B. Le respect impératif du principe de proportionnalité La validité d’une mesure nationale dépend strictement de sa proportionnalité par rapport aux objectifs de transparence. La Cour affirme que la réglementation ne doit pas « aller au-delà de ce qui est nécessaire pour atteindre ces objectifs ». En l’espèce, le droit interne privait les candidats de la possibilité de prouver leur autonomie. Une présomption irréfragable ne permet pas de garantir la participation la plus large possible des opérateurs. Elle nuit gravement à l’ouverture des marchés publics souhaitée par le législateur de l’Union. Le retrait de l’attributaire initial ne saurait justifier une sanction systématique sans vérification préalable. Cette exigence de proportionnalité protège les entreprises liées contre des décisions administratives arbitraires.
II. L’exigence d’une appréciation factuelle de l’indépendance des offres
A. La protection de la participation la plus large des soumissionnaires L’intérêt du droit de l’Union réside dans la libre circulation et l’élimination des restrictions à la concurrence. Le juge souligne que « les regroupements d’entreprises peuvent revêtir des formes et des objectifs variables ». Des entreprises contrôlées peuvent jouir d’une autonomie réelle dans la conduite de leur politique commerciale. L’exclusion de fait de ces entités réduit artificiellement le nombre de compétiteurs sur le marché. En outre, une clôture automatique est de nature à dissuader des sociétés de présenter des offres concurrentes. Cette situation est contraire aux objectifs fondamentaux de la directive européenne de deux mille quatorze. Le maintien d’une concurrence effective impose de ne pas écarter des offres potentiellement valables.
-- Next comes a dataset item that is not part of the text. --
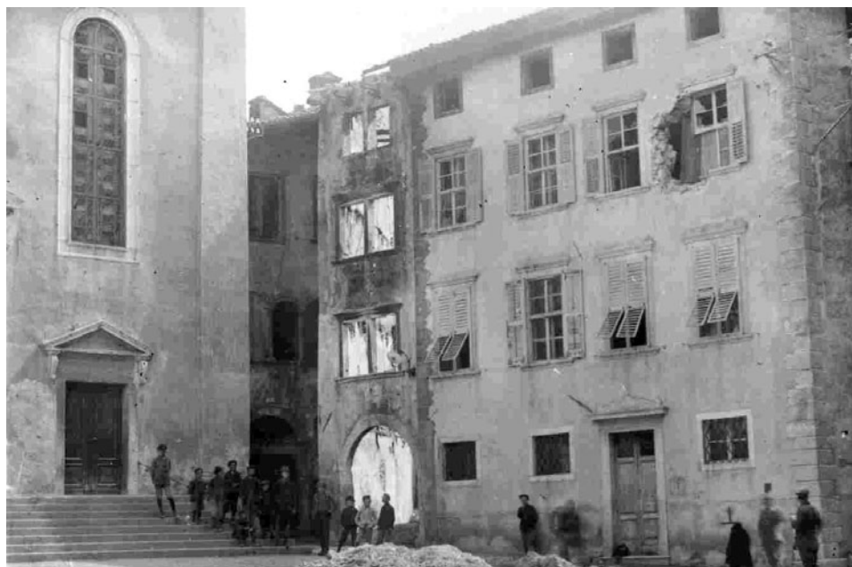
Rovereto, piazza San Marco

Combattuta in un ambiente ostile, in cui la natura era il terzo, forse più pericoloso, contendente, la guerra trasformò gli uomini della montagna in "soldati-ricercatori", costringendoli a usare le loro cono-

B. La nécessité d’une preuve contraire laissée aux opérateurs La solution repose sur l’obligation pour le pouvoir adjudicateur d’effectuer un examen approfondi de chaque situation. L’autorité compétente doit déterminer si le rapport entre deux entités a « exercé une influence concrète sur le contenu respectif des offres ». Le candidat doit pouvoir apporter la preuve que son offre a été préparée indépendamment. La seule appartenance à une même entité économique n’établit pas une concertation frauduleuse. Enfin, la Cour insiste sur le fait qu’aucune « présomption irréfragable en ce sens ne saurait être instituée ». Cette approche garantit un équilibre entre la lutte contre la fraude et la liberté économique. Les autorités nationales doivent adapter leurs procédures pour permettre cette démonstration factuelle.